I guess that the racing car analogy can be drawn here. It's like having a super fast car (the equipment), on a well-built racing track (the interface), and then being limited to lower speeds by a ‘poorly-optimised' (slow) driver behind the wheel (the protocol/specification). But when you stick Lewis Hamilton – a driver who is ‘designed' for racing fast cars – behind the wheel, you get far better results.
Your physical equipment (SSD) may be capable of high speeds, and so may the interface (PCIe lanes). But they can be hampered in certain usage scenarios and workloads if the protocol in charge doesn't allow them to perform at their full potential. NVMe aims to change that by being optimised for application with PCI-fed SSDs.
Primary design points for the NVMe specification are the ability to make use of the low latency operation of non-volatile, non-mechanical storage mediums and the parallelism of modern CPUs.
A reduction in the required CPU cycles is one of the key factors in reducing latency for NVMe. The specification also supports significantly larger data queues as well as methods of improving workload parallelism in order to avoid single-line bottlenecks.
Lower latency can result in greater operations per second (increased IOPS) which typically translates into more responsive system application.
Software, driver, and boot support has been a hurdle for NVMe. An industry consortium has worked to implement enhanced driver support across many operating systems. More relevant to consumers is that Intel and motherboard vendors have been working together to ensure that NVMe devices are seen in the UEFI BIOS and that they can be booted from.
Most X99 and other 9-series motherboards have seen recent BIOS updates that equip them with NVMe drive support. We had no problems using the SSD 750 NVMe drive in our Asus X99 Deluxe motherboard with the latest BIOS.

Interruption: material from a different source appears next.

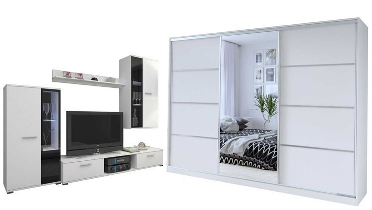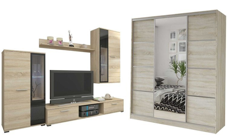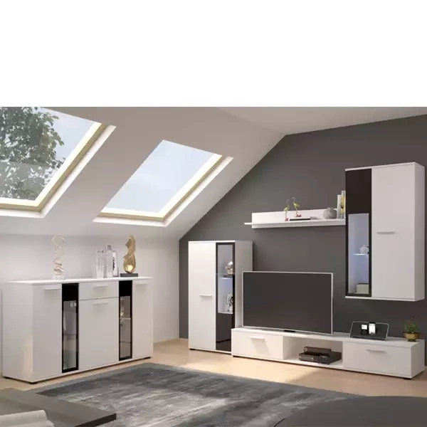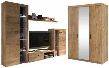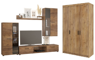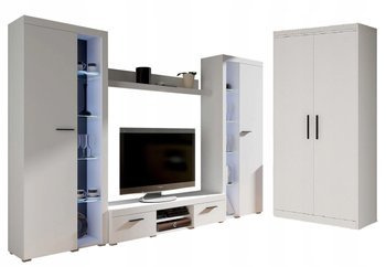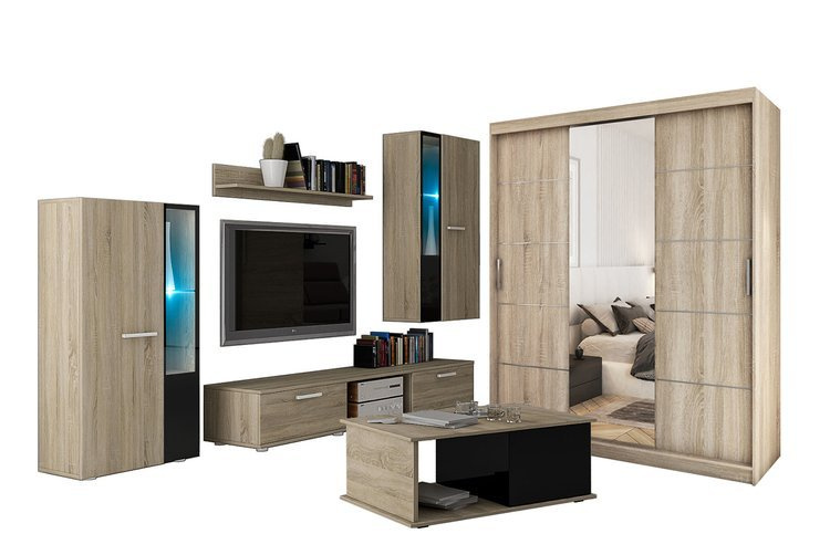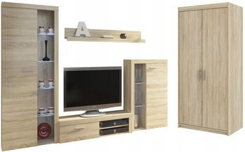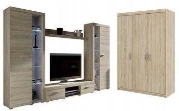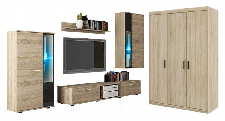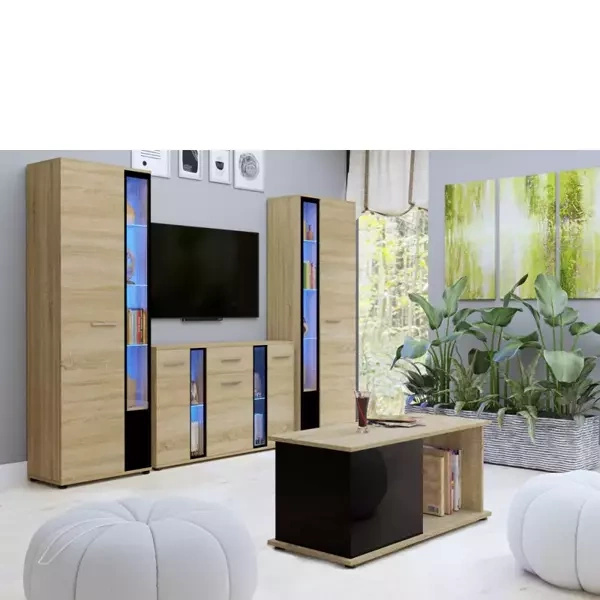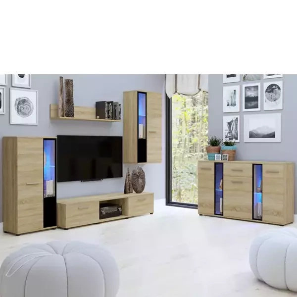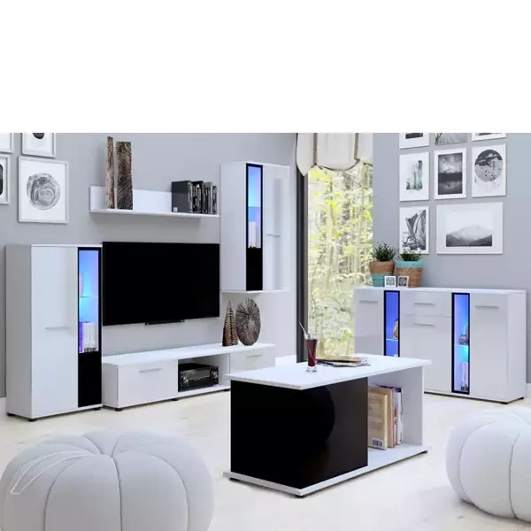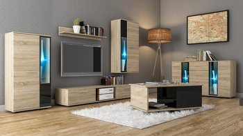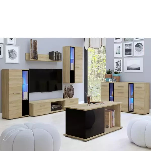 Szafka RTV i komoda zostały zaprojektowane z myślą o funkcjonalności, oferując obfitość przestrzeni na przechowywanie, które pozwala utrzymać idealny porządek. Dwie wiszące witryny, wyposażone w szklane półki, stanowią doskonałe miejsce do wyeksponowania ulubionych przedmiotów. Dodatkowym atutem jest możliwość podświetlenia ich za pomocą ledów, co tworzy efektowny i ciepły klimat. Ława z nowoczesnym designem, będzie świetnym uzupełnieniem do wieczornych spotkań na kanapie.

Intel says that there is nothing to prevent support for older platforms (such as Z87 and X79), other than motherboard vendors not wanting to spend money on ‘dead' chipsets. It is unlikely that we will see widespread, uncompromising support for PCIe, NVMe devices on older platforms, although there may be some motherboard exceptions that are updated at a vendor's discretion.
We loaded Windows 7 and Windows 8 to verify boot support. Both operating systems booted and functioned correctly with the SSD 750 drive.
Windows 8 natively includes an NVMe driver (although Intel suggests installing their own driver), however Windows 7 will require you to load the NVMe driver during OS installation. Provided you have a USB flash stick or an optical drive, that is unlikely to be an issue.
NVMe is already active in the professional world, and it is now beginning its journey on the consumer path.
We received an early sample version of Intel's SSD 750 Series drive, hence it was not accompanied by retail packaging or accessories. Retail accessories are likely to consist of a chassis sticker, a bundled half-height PCI bracket, and a driver CD.
Intel colours the SSD 750 in the company's consumer-orientated grey scheme. Given that this is an outright enthusiast drive, many consumers will be displeased by Intel's decision to use a green PCB (without a backplate).
We imagine that a black shroud and PCB/backplate would have been heavily favoured by enthusiast consumers who value system appearance.
Intel uses a PCIe 3.0 x4 connection (which can work fine in PCIe 3.0 x8 and x16 physical slots) in order to meet the SSD's bandwidth requirements. Each PCIe 3.0 lane is rated at 8GT/s (985MBps), so a quartet is required to feed the drive's ~2,400MBps sequential read potential.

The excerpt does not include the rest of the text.